Diaken barst in snikken uit: Hier zit iemand met stille armoede
Voor veel mensen die kampen met stille armoede is de drempel naar een diaconie hoog. Een diaconaal vertrouwenspersoon –bereikbaar via een gratis telefoonnummer– kan eraan bijdragen dat ze toch hulp zoeken.
Tientallen keren gaf Egbert Fokkema (70), voorheen medewerker van de diaconale organisatie Kerk in Actie binnen de Protestantse Kerk in Nederland, voorlichting over armoede. Hij herinnert zich een avond voor diakenen in Friesland. „Toen ik sprak over mensen die in stille armoede leven, barstte een van de diakenen in snikken uit en zei: Hier zit er één. Het was iemand die door allerlei tegenslagen diep in de schulden zat, zonder dat zijn medediakenen dat wisten. Mensen spraken daar niet over.”
Fokkema werkte bijna twintig jaar als voorlichter voor de christelijke hulporganisatie ZOA, voordat hij in 2001 overstapte naar het landelijk dienstencentrum van de huidige Protestantse Kerk in Nederland. Daar voerde hij via Kerk in Actie diverse projecten uit. Een daarvan betrof het opzetten van een proefproject om hulp te bieden bij stille armoede.
In 2009 ging de geboren Fries aan de slag in Noordoost-Friesland: Achtkarspelen, Dongeradeel, Dantumadeel en Kollumerland. Ook de organisatie de Arme Kant van Friesland was bij het initiatief betrokken. „De gedachte leefde dat er in die regio relatief veel mensen met stille armoede waren. Het is, zeker in een kleine dorpsgemeenschap, een hele stap om bij een diaconie aan te kloppen. Diakenen liepen met de vraag hoe ze de nood boven tafel konden krijgen.”
Huis aan huis
Fokkema bezocht in enkele maanden 44 protestantse diaconieën in Noordoost-Friesland om zicht te krijgen op wat er gebeurde op diaconaal terrein en hoe dit kon worden versterkt. Uiteindelijk bedacht hij het concept van de diaconaal vertrouwenspersoon (dvp), bij wie mensen van binnen en buiten de kerk met hun problemen kunnen aankloppen.

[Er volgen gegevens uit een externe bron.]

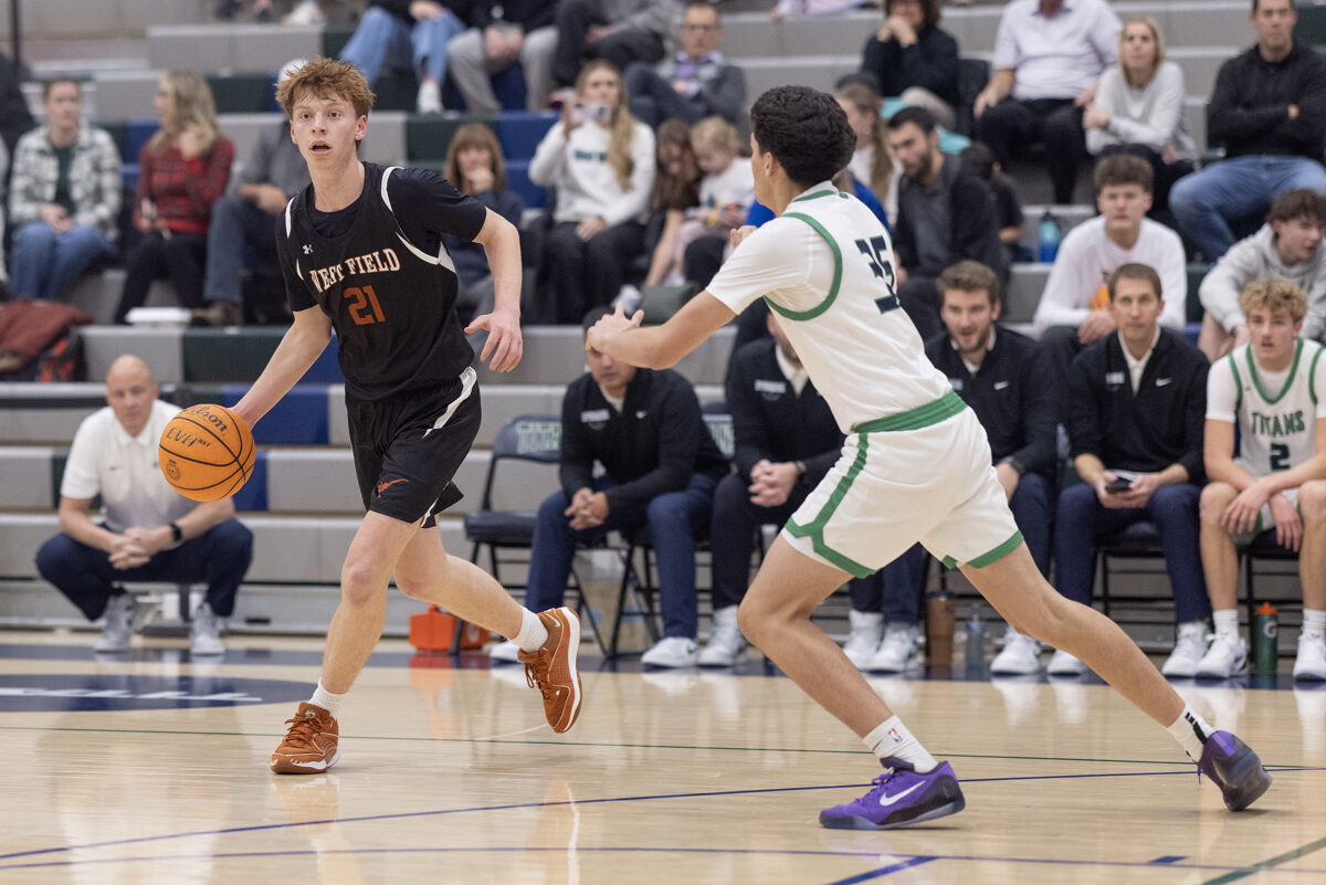 - West Field’s Cason Malan (21) swins the ball around the perimeter as Syracuse’s Nakoy Daw (35) defends on Friday, Dec. 12, 2025, in Syracuse.

Met bijdragen van de 44 diaconieën, de betrokken gemeenten en de provincie Friesland ging de pilot in 2009 van start. De burgerlijke gemeente Kollumerland stelde een kamer in het gemeentehuis ter beschikking waar de dvp mensen kon ontvangen. „Een gemeentehuis is een neutrale plek waar mensen met allerlei vragen binnenlopen.”
Tjitske van der Meer, die ruime ervaring had met schuldhulpverlening in onder meer Friesland, werd aangesteld als dvp. Mensen konden haar bereiken via een gratis 0800-nummer. Fokkema: „We kozen daar bewust voor omdat de nood voor sommigen zo groot was dat ze geen telefoonkosten konden maken. Het nummer was twintig uur per dag bereikbaar. Als Van der Meer er niet was, werd het doorgeschakeld naar een diaken in de regio.”
Diakenen brachten de dvp onder de aandacht door in diverse plaatsen huis aan huis aan te bellen en een ”kanskaart” aan te bieden. Hierop konden bewoners aankruisen met welke nood ze te maken hadden en hoe ze daarbij geholpen wilden worden. „De diakenen deden dit in een andere plaats dan waar ze zelf woonden, omdat dit beter werkt dan wanneer ze bij bekende dorpsgenoten op de stoep stonden.”
Al snel wisten vele tientallen bewoners de weg naar de dvp te vinden. Na telefonisch contact bezocht zij mensen aan huis of ontving ze hen in het gemeentehuis van Kollum. „Ze kreeg te maken met dieptrieste situaties van personen van wie je niet zou verwachten dat ze ernstig in de problemen zaten. Het kwam voor dat mensen die diep waren weggezakt in een moeras van schulden zeiden: Als u er niet was geweest, hadden we een eind aan ons leven gemaakt.”
Digitale formulieren
De dvp hielp problemen in kaart te brengen. Zo nodig verwees ze door naar organisaties die ondersteuning bieden op het gebied van wonen, verslavingszorg of schuldhulpverlening. Ook wees ze mensen op financiële regelingen waarop ze aanspraak konden maken en hielp ze degenen die niet goed met een computer of internet overweg konden bij het invullen van digitale formulieren. Voor dat laatste schakelde ze via de diaconieën ook vrijwilligers in.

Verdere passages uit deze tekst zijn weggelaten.